**WHAT THE EXERCISE ASKS:** A faithful copy of all the data is required; pictures should not be included.

**MATERIAL FOR THE TASK:**
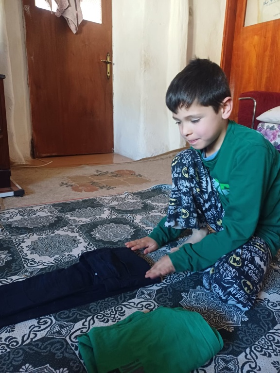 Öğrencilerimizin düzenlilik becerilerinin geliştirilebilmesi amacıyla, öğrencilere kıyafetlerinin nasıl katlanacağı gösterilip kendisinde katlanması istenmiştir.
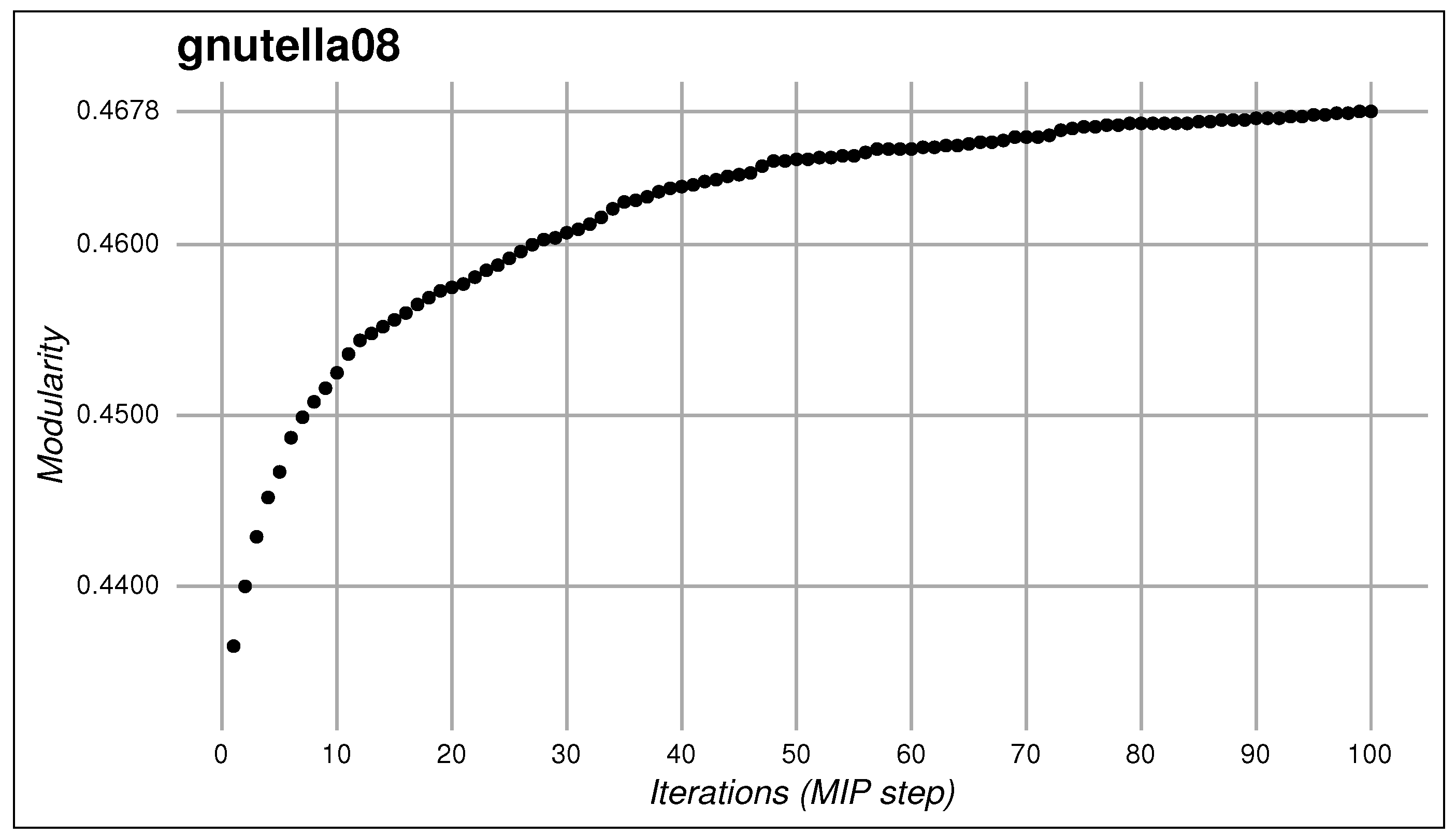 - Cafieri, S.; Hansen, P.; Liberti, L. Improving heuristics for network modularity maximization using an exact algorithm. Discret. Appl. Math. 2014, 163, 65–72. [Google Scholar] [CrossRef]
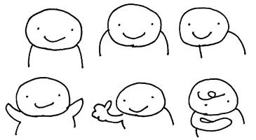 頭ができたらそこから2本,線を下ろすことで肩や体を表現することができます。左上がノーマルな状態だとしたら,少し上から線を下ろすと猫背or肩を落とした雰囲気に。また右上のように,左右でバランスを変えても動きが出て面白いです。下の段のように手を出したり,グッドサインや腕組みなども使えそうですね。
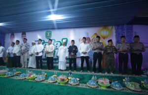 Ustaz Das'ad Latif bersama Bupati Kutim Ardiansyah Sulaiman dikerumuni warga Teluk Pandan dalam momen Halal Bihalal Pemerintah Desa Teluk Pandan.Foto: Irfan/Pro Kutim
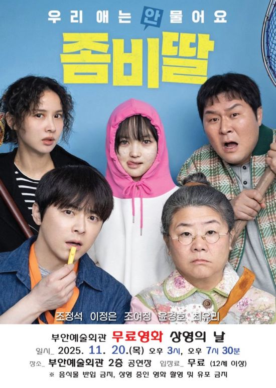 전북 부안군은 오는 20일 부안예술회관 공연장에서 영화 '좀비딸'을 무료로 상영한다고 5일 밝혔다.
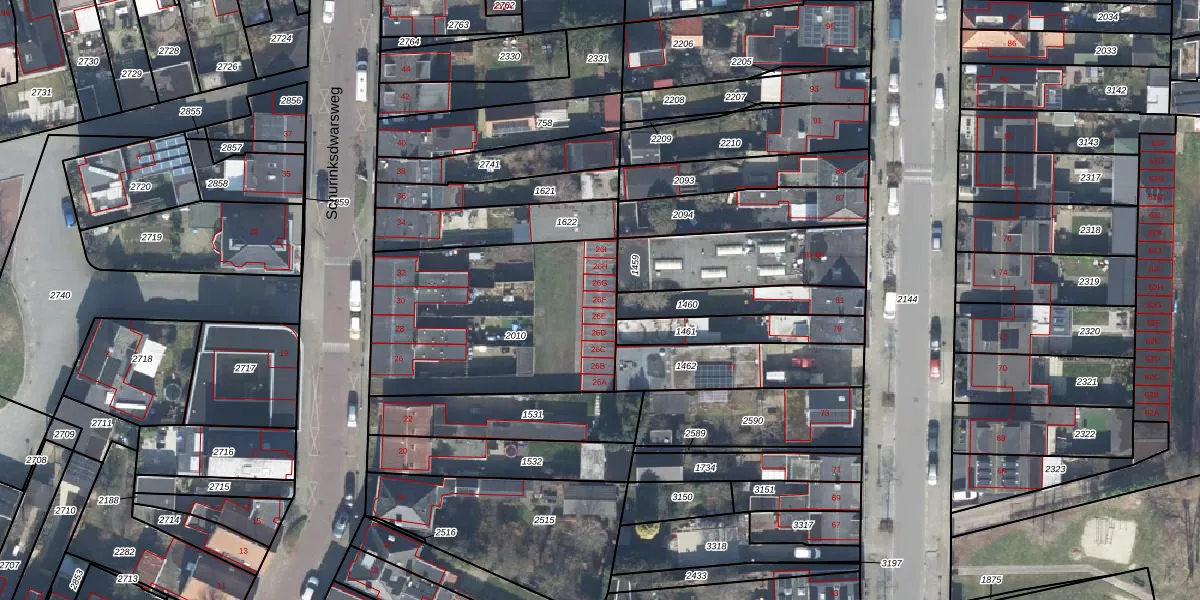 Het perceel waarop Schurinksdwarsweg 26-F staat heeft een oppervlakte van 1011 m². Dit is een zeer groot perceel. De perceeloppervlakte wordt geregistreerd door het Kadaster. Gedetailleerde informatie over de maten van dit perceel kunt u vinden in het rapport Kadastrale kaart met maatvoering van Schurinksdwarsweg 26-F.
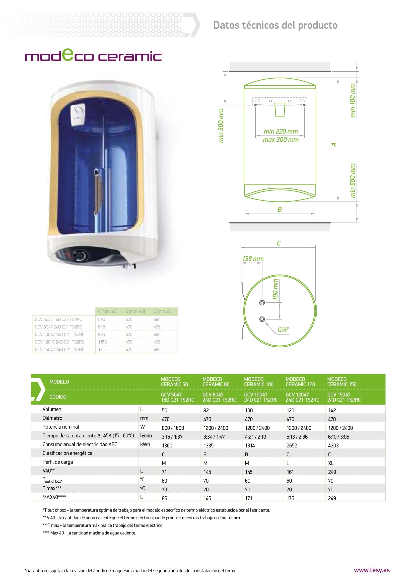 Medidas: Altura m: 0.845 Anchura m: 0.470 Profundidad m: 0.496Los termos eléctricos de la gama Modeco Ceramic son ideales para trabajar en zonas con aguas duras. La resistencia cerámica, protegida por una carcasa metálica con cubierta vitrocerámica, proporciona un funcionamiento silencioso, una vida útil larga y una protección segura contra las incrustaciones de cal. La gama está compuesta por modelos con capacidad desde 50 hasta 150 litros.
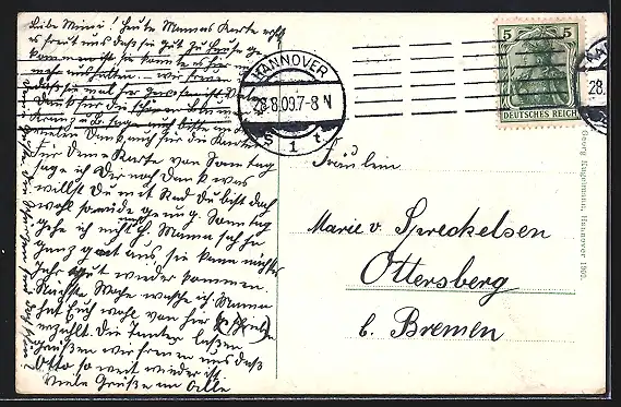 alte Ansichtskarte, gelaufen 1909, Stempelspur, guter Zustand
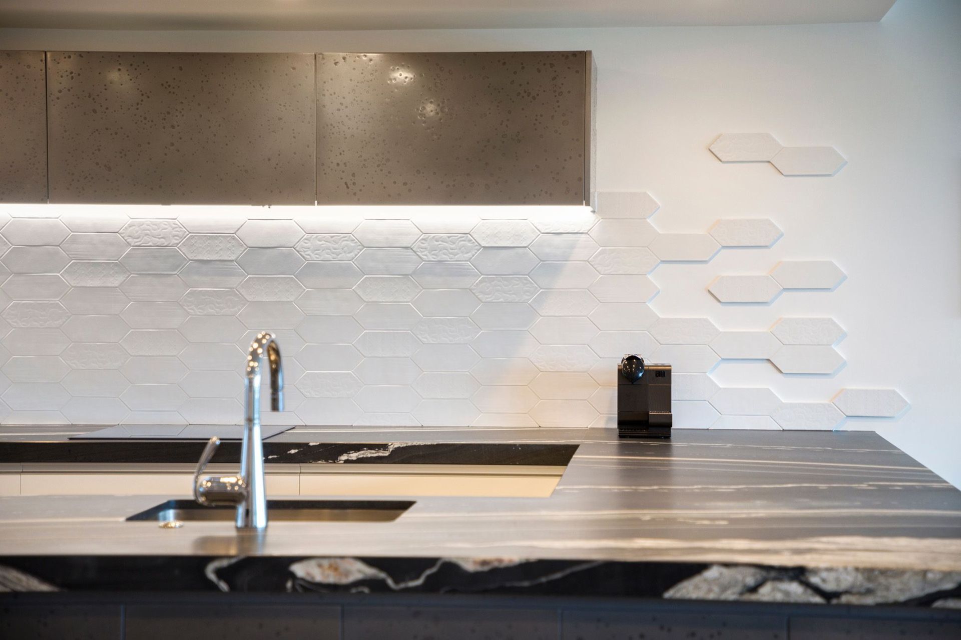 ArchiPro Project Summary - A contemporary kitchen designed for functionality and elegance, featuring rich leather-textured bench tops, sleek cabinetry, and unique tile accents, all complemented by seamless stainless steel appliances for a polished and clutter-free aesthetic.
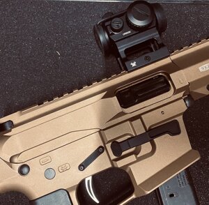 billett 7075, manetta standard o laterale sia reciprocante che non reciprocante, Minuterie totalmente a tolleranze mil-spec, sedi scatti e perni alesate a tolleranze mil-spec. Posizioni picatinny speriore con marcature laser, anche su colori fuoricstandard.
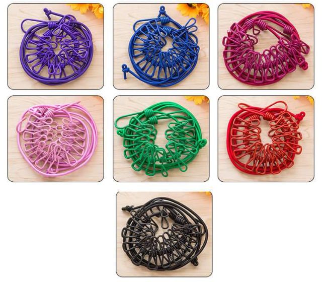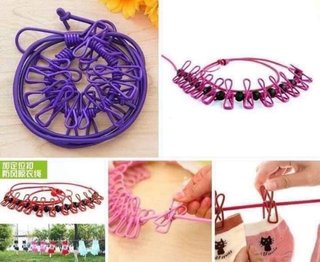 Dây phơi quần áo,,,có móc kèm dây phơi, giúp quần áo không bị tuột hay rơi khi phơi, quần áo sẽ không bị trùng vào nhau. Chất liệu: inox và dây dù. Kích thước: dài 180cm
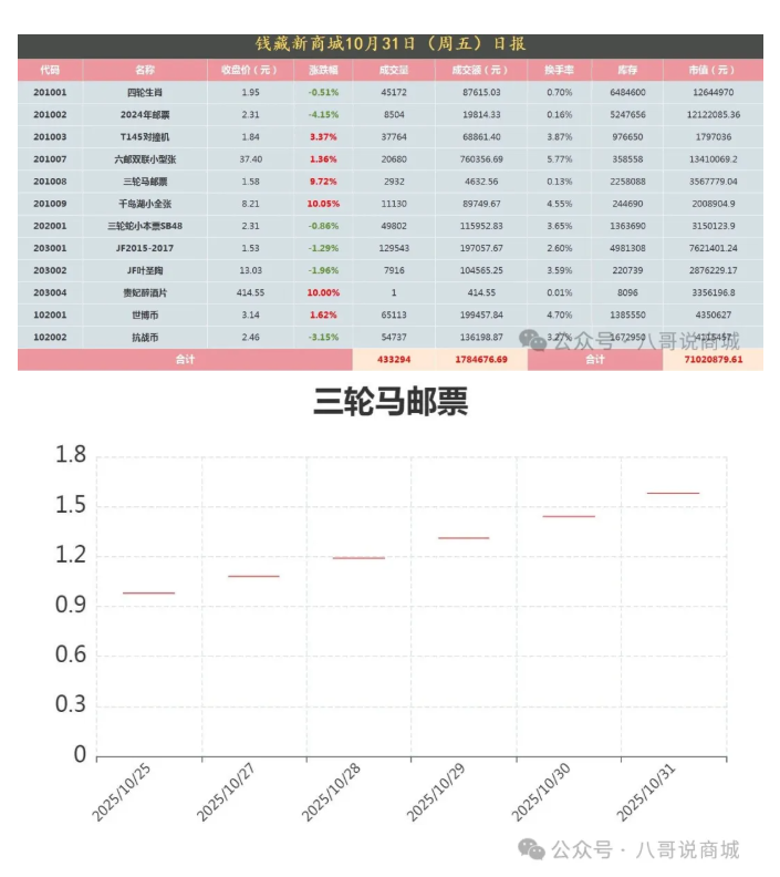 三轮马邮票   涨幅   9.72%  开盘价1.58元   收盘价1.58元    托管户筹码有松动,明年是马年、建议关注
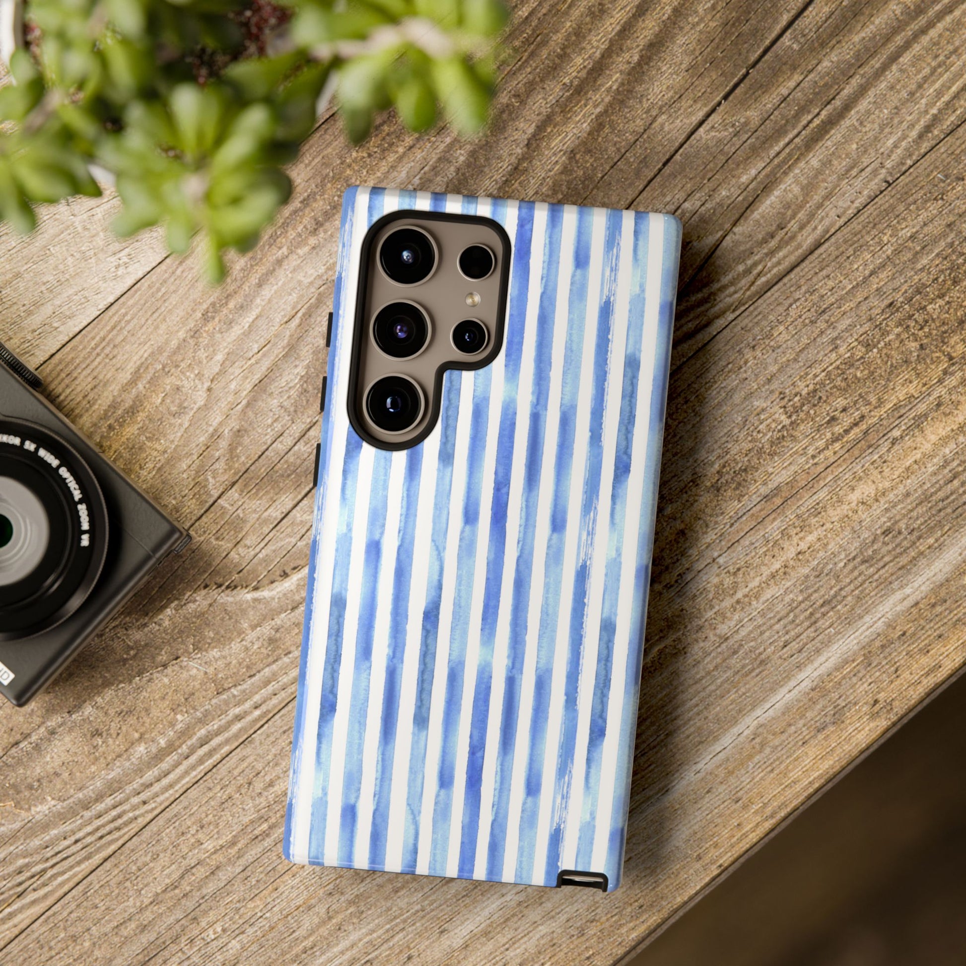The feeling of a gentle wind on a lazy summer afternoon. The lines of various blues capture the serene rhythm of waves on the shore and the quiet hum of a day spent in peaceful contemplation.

**PROBLEM SOLUTION:**
 Öğrencilerimizin düzenlilik becerilerinin geliştirilebilmesi amacıyla, öğrencilere kıyafetlerinin nasıl katlanacağı gösterilip kendisinde katlanması istenmiştir.
 - Cafieri, S.; Hansen, P.; Liberti, L. Improving heuristics for network modularity maximization using an exact algorithm. Discret. Appl. Math. 2014, 163, 65–72. [Google Scholar] [CrossRef]
 頭ができたらそこから2本,線を下ろすことで肩や体を表現することができます。左上がノーマルな状態だとしたら,少し上から線を下ろすと猫背or肩を落とした雰囲気に。また右上のように,左右でバランスを変えても動きが出て面白いです。下の段のように手を出したり,グッドサインや腕組みなども使えそうですね。
 Ustaz Das'ad Latif bersama Bupati Kutim Ardiansyah Sulaiman dikerumuni warga Teluk Pandan dalam momen Halal Bihalal Pemerintah Desa Teluk Pandan.Foto: Irfan/Pro Kutim
 전북 부안군은 오는 20일 부안예술회관 공연장에서 영화 '좀비딸'을 무료로 상영한다고 5일 밝혔다.
 Het perceel waarop Schurinksdwarsweg 26-F staat heeft een oppervlakte van 1011 m². Dit is een zeer groot perceel. De perceeloppervlakte wordt geregistreerd door het Kadaster. Gedetailleerde informatie over de maten van dit perceel kunt u vinden in het rapport Kadastrale kaart met maatvoering van Schurinksdwarsweg 26-F.
 Medidas: Altura m: 0.845 Anchura m: 0.470 Profundidad m: 0.496Los termos eléctricos de la gama Modeco Ceramic son ideales para trabajar en zonas con aguas duras. La resistencia cerámica, protegida por una carcasa metálica con cubierta vitrocerámica, proporciona un funcionamiento silencioso, una vida útil larga y una protección segura contra las incrustaciones de cal. La gama está compuesta por modelos con capacidad desde 50 hasta 150 litros.
 alte Ansichtskarte, gelaufen 1909, Stempelspur, guter Zustand
 ArchiPro Project Summary - A contemporary kitchen designed for functionality and elegance, featuring rich leather-textured bench tops, sleek cabinetry, and unique tile accents, all complemented by seamless stainless steel appliances for a polished and clutter-free aesthetic.
 billett 7075, manetta standard o laterale sia reciprocante che non reciprocante, Minuterie totalmente a tolleranze mil-spec, sedi scatti e perni alesate a tolleranze mil-spec. Posizioni picatinny speriore con marcature laser, anche su colori fuoricstandard.
 Dây phơi quần áo,,,có móc kèm dây phơi, giúp quần áo không bị tuột hay rơi khi phơi, quần áo sẽ không bị trùng vào nhau. Chất liệu: inox và dây dù. Kích thước: dài 180cm
 三轮马邮票   涨幅   9.72%  开盘价1.58元   收盘价1.58元    托管户筹码有松动,明年是马年、建议关注
The feeling of a gentle wind on a lazy summer afternoon. The lines of various blues capture the serene rhythm of waves on the shore and the quiet hum of a day spent in peaceful contemplation.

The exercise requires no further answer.